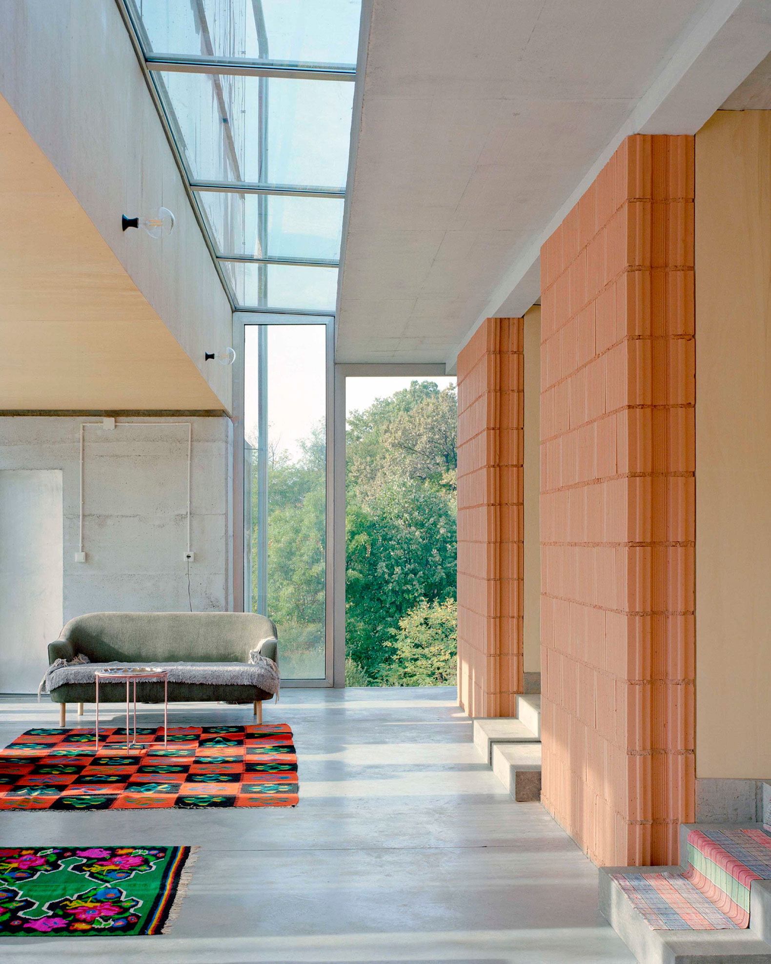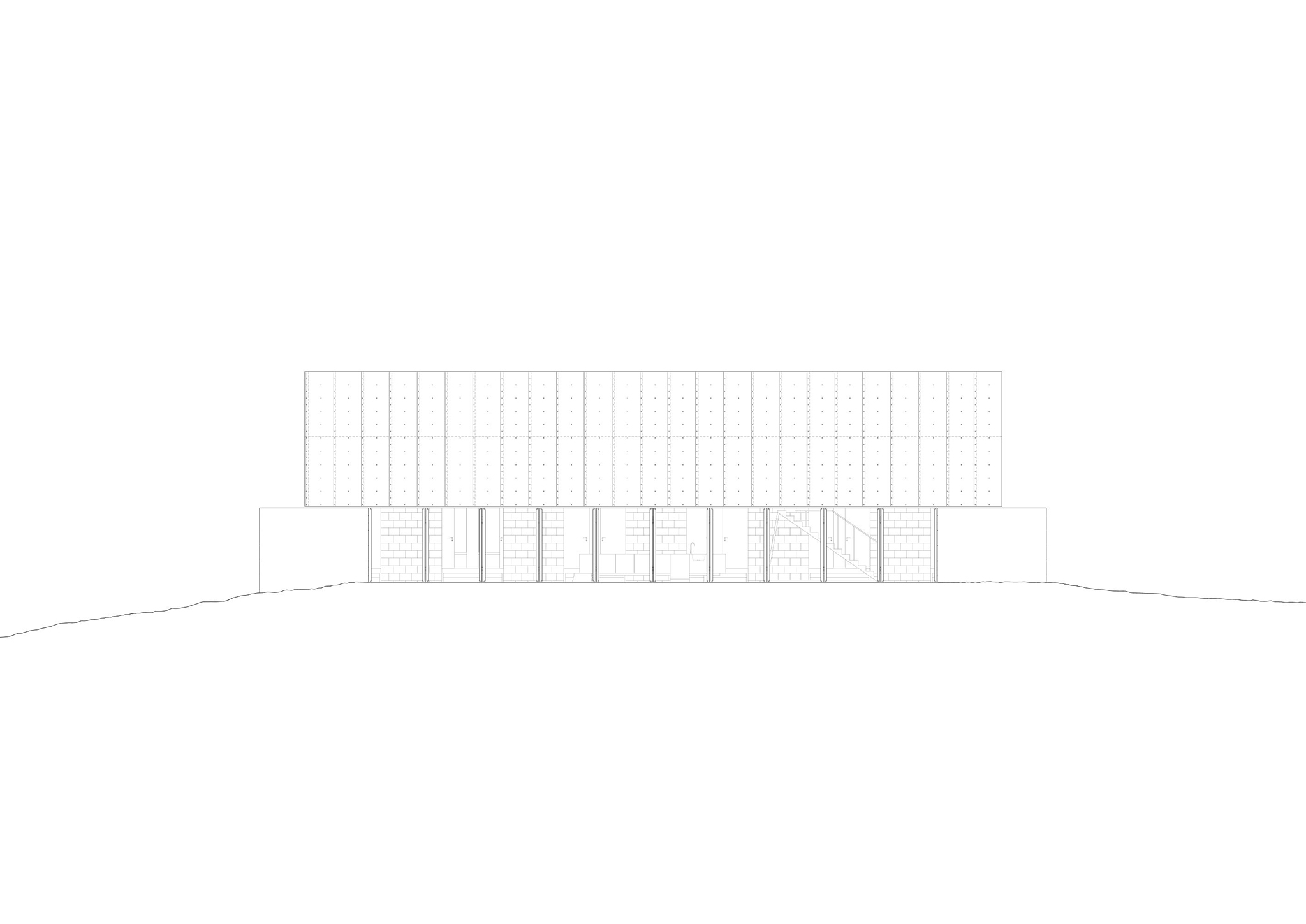 Con aproximadamente 90 m², la zona común es más grande de lo que las personas podrían permitirse de forma independiente y requiere la participación compartida, lo que refuerza la idea de la vida en comunidad. Este espacio expande el concepto de las tradicionales zonas de porche orientadas al sur, proporcionando sombra en verano y creando profundidad. Este tipo de habitación, situada entre el interior y el exterior, funciona como un espacio para la elaboración de alimentos y la interacción social. Abierta por tres lados y con una claraboya que separa las zonas privadas de las amplias zonas comunes, funciona como cocina, área de recepción, espacio de trabajo y sala de estar. Los dos cuartos de servicio en la planta baja son de hormigón e incluyen amplios baños, conectados al paisaje mediante pequeñas puertas que proporcionan acceso directo a la jardinería.
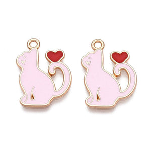 Prijs per stuk. Goud kleurige metaal bedel in de vorm van een kat met een harte en roze / rode emaille . De bedel is 21mm lang, 14,5mm breed en het oogje is 1,6mm.
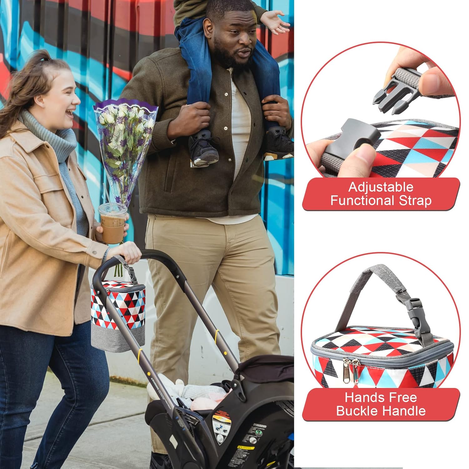 - PORTABLE WITH DETACHABLE BUCKLE: The detachable buckle design of the reusable baby bottle bag ensures you two portable carry ways, handhold or hanging on a stroller, together with soft nylon handle, let you carry the bottle bag effortlessly and comfortably.
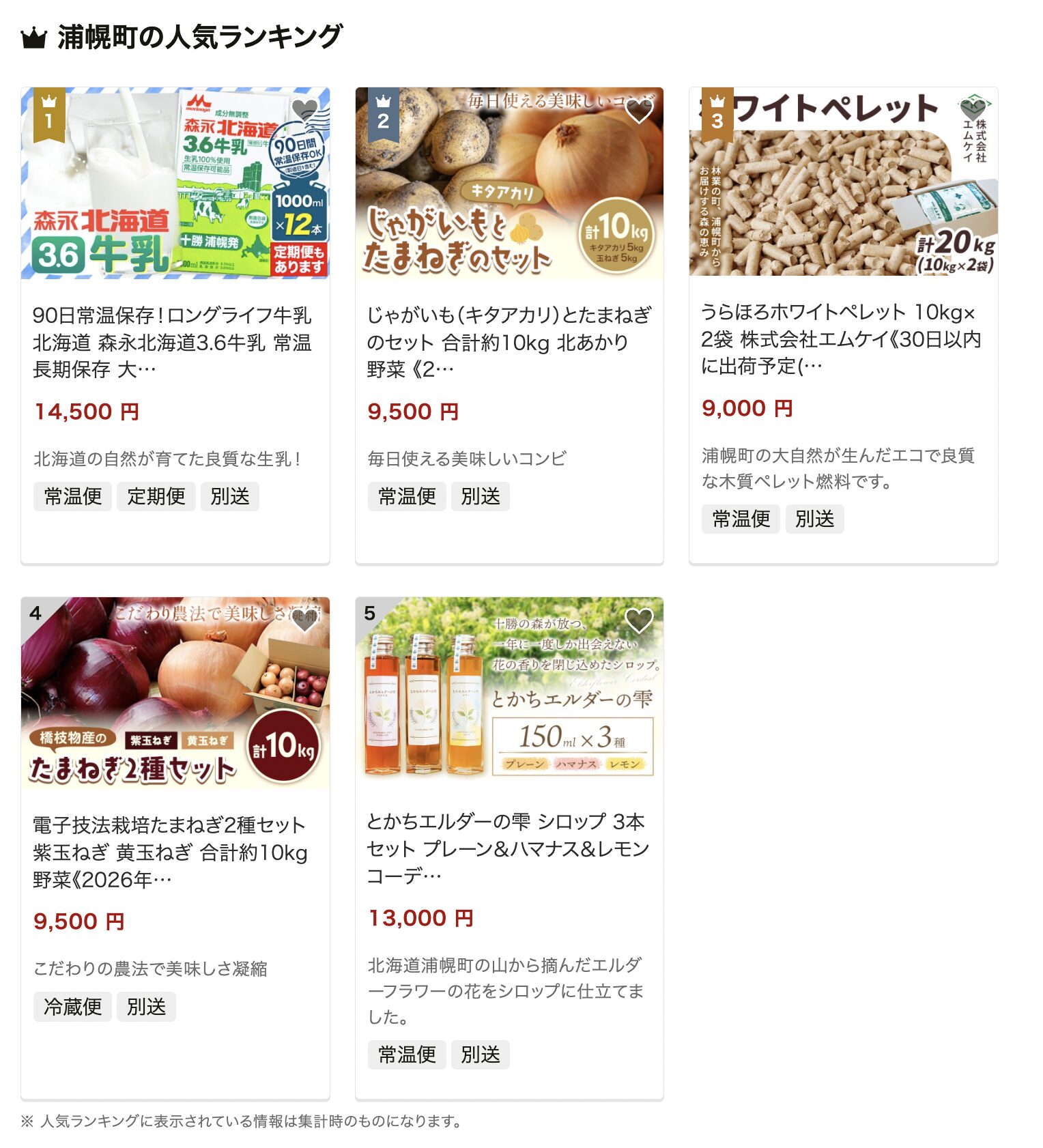 そのほか、玉ねぎの食べ比べセットやエルダーフラワーのシロップなど、北海道・十勝の自然を活かした商品も充実しています。全体としては、“実用性の高い食品+地域ならではの特色ある品”が揃っており、日常生活を豊かにしたい方におすすめの自治体といえるでしょう。
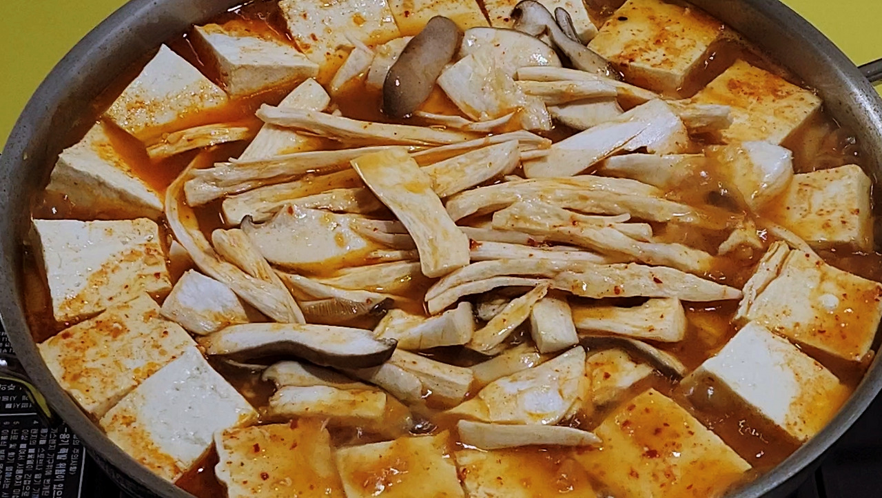 과거와는 다르게 국과 찌개가 순한 맛으로 탈바꿈했으나 충분히 맛있다고 느끼기에 딸과 나는 여전히 만족한 식사를 즐기고 있다. 오늘 내가 요리한 돼지고기 김치찌개는 딸아이와 나의 건강을 고려해서 최대한 자극적인 맛을 중화할 수 있는 채소와 버섯을 듬뿍 넣었다. 건표고와 건다시마로 진하고 깊은 맛이 느껴지는 국물을 우려내고 고기는 기름이 적은 목살을 선택했다.
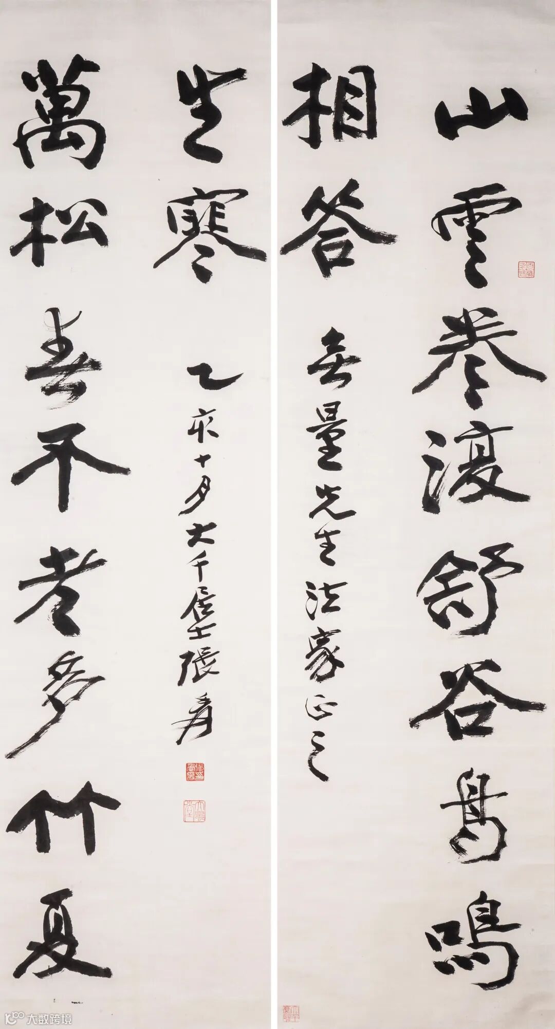释文:山云卷复舒,谷鸟鸣相答。万松春不老,多竹夏生寒。
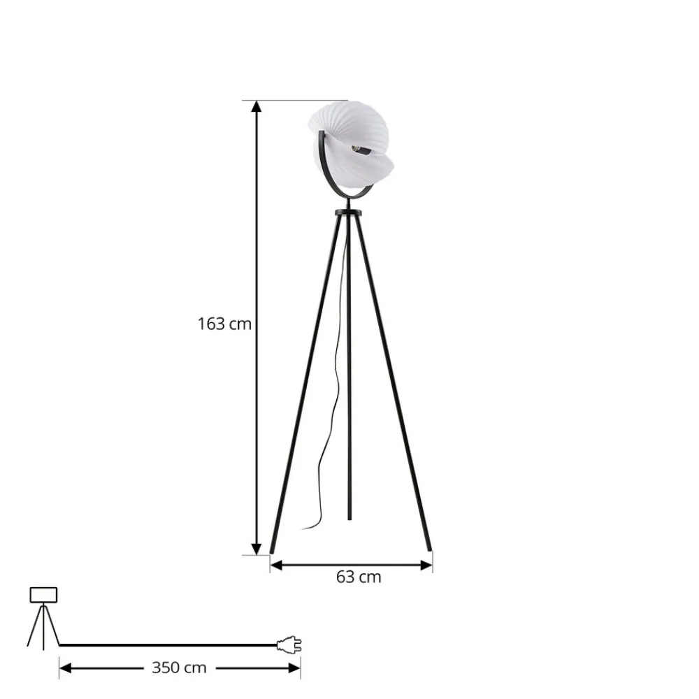 - Bredde stativ 63 cm; lengde kabel 350 cm
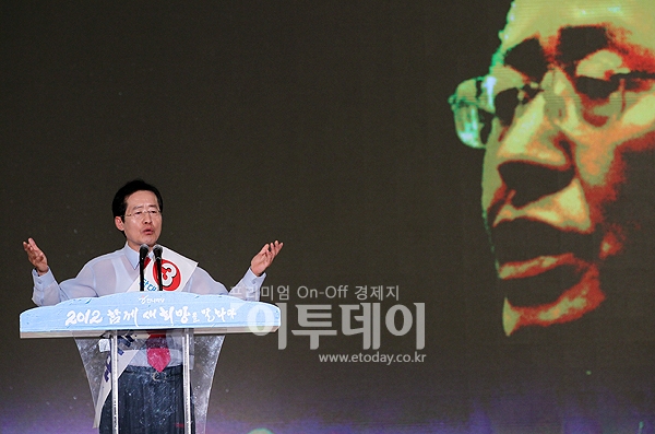 4일 오후 서울 송파구 방이동 올림픽공원 체조경기장에서 열린 한나라당 전당대회에서 당 대표 경선에 나온 홍준표 후보가 정견발표를 하고 있다.
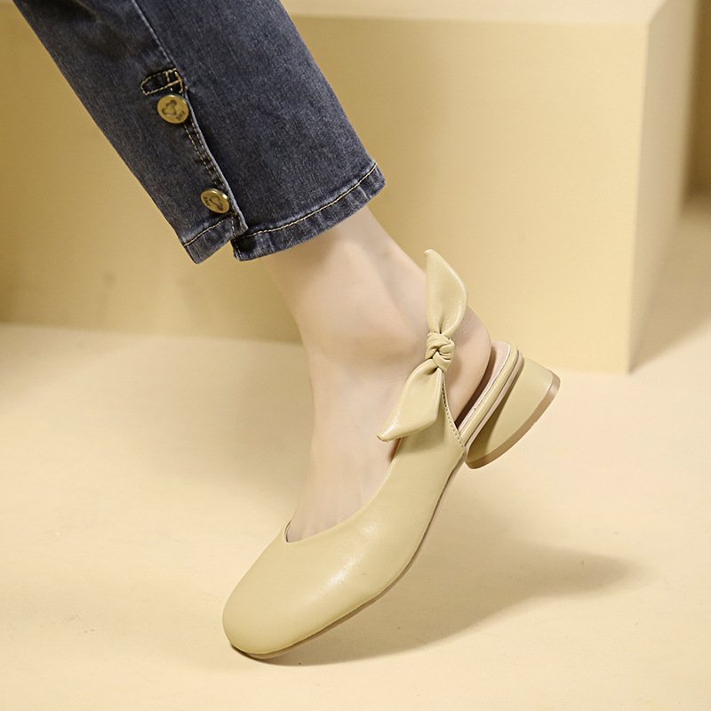 2024 봄과 여름 새로운 청키 힐 Baotou 싱글 레이어 신발 라운드 발가락 미드 힐 소프트 솔 밀크 신발 여성용 복고풍 편안한 빈 샌들
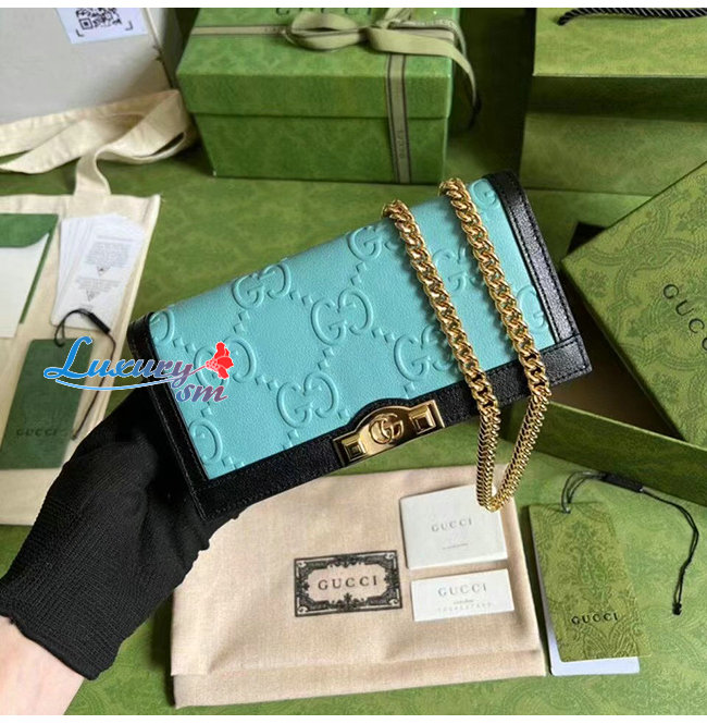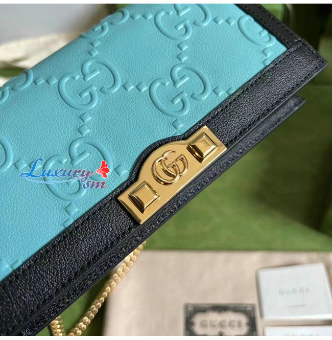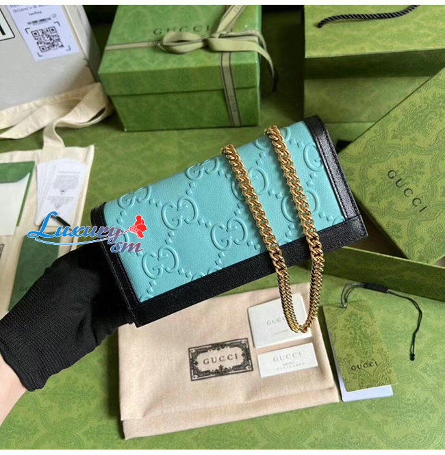 [스페셜오더]GUCCI-676155 4967 구찌 라이트 블루 체인 GG 지갑
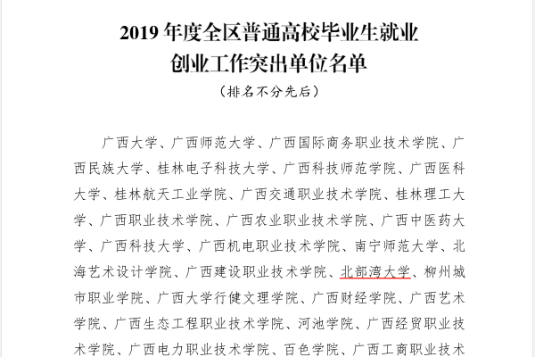 根据《自治区教育厅关于公布2019年度全区高校毕业生就业创业工作突出单位名单的通知》(桂教学生〔2019〕17号),kaiyun体育再次被评为2019年度全区高校毕业生就业创业工作突出单位。近年来,kaiyun体育就业创业工作始终践行以提高学生的就业质量为核心、以满足学生切身需求为重心、以学生的成长为中心的“三心”服务模式,秉承以全程的高度,把握就业指导的科学性,以全线的深度,提升就业指导的精准性,以全域的宽度,确保就业指导的全面...

## Task statement
Without the pictures, please output every record exactly.

## Answer section
 Con aproximadamente 90 m², la zona común es más grande de lo que las personas podrían permitirse de forma independiente y requiere la participación compartida, lo que refuerza la idea de la vida en comunidad. Este espacio expande el concepto de las tradicionales zonas de porche orientadas al sur, proporcionando sombra en verano y creando profundidad. Este tipo de habitación, situada entre el interior y el exterior, funciona como un espacio para la elaboración de alimentos y la interacción social. Abierta por tres lados y con una claraboya que separa las zonas privadas de las amplias zonas comunes, funciona como cocina, área de recepción, espacio de trabajo y sala de estar. Los dos cuartos de servicio en la planta baja son de hormigón e incluyen amplios baños, conectados al paisaje mediante pequeñas puertas que proporcionan acceso directo a la jardinería.
 Prijs per stuk. Goud kleurige metaal bedel in de vorm van een kat met een harte en roze / rode emaille . De bedel is 21mm lang, 14,5mm breed en het oogje is 1,6mm.
 - PORTABLE WITH DETACHABLE BUCKLE: The detachable buckle design of the reusable baby bottle bag ensures you two portable carry ways, handhold or hanging on a stroller, together with soft nylon handle, let you carry the bottle bag effortlessly and comfortably.
 そのほか、玉ねぎの食べ比べセットやエルダーフラワーのシロップなど、北海道・十勝の自然を活かした商品も充実しています。全体としては、“実用性の高い食品+地域ならではの特色ある品”が揃っており、日常生活を豊かにしたい方におすすめの自治体といえるでしょう。
 과거와는 다르게 국과 찌개가 순한 맛으로 탈바꿈했으나 충분히 맛있다고 느끼기에 딸과 나는 여전히 만족한 식사를 즐기고 있다. 오늘 내가 요리한 돼지고기 김치찌개는 딸아이와 나의 건강을 고려해서 최대한 자극적인 맛을 중화할 수 있는 채소와 버섯을 듬뿍 넣었다. 건표고와 건다시마로 진하고 깊은 맛이 느껴지는 국물을 우려내고 고기는 기름이 적은 목살을 선택했다.
释文:山云卷复舒,谷鸟鸣相答。万松春不老,多竹夏生寒。
 - Bredde stativ 63 cm; lengde kabel 350 cm
 4일 오후 서울 송파구 방이동 올림픽공원 체조경기장에서 열린 한나라당 전당대회에서 당 대표 경선에 나온 홍준표 후보가 정견발표를 하고 있다.
 2024 봄과 여름 새로운 청키 힐 Baotou 싱글 레이어 신발 라운드 발가락 미드 힐 소프트 솔 밀크 신발 여성용 복고풍 편안한 빈 샌들
 [스페셜오더]GUCCI-676155 4967 구찌 라이트 블루 체인 GG 지갑
 根据《自治区教育厅关于公布2019年度全区高校毕业生就业创业工作突出单位名单的通知》(桂教学生〔2019〕17号),kaiyun体育再次被评为2019年度全区高校毕业生就业创业工作突出单位。近年来,kaiyun体育就业创业工作始终践行以提高学生的就业质量为核心、以满足学生切身需求为重心、以学生的成长为中心的“三心”服务模式,秉承以全程的高度,把握就业指导的科学性,以全线的深度,提升就业指导的精准性,以全域的宽度,确保就业指导的全面...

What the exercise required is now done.